──────── Available data ────────

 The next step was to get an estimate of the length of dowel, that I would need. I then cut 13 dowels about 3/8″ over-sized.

────────
──────── Available data ────────

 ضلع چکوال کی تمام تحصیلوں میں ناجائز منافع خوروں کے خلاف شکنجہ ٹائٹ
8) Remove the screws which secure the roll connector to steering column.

────────

Assignment
In the listing above, find the line with "ضلع چکوال کی" and the line with "8) Remove the", then reproduce both and every line between them exactly.

Result
 ضلع چکوال کی تمام تحصیلوں میں ناجائز منافع خوروں کے خلاف شکنجہ ٹائٹ
8) Remove the screws which secure the roll connector to steering column.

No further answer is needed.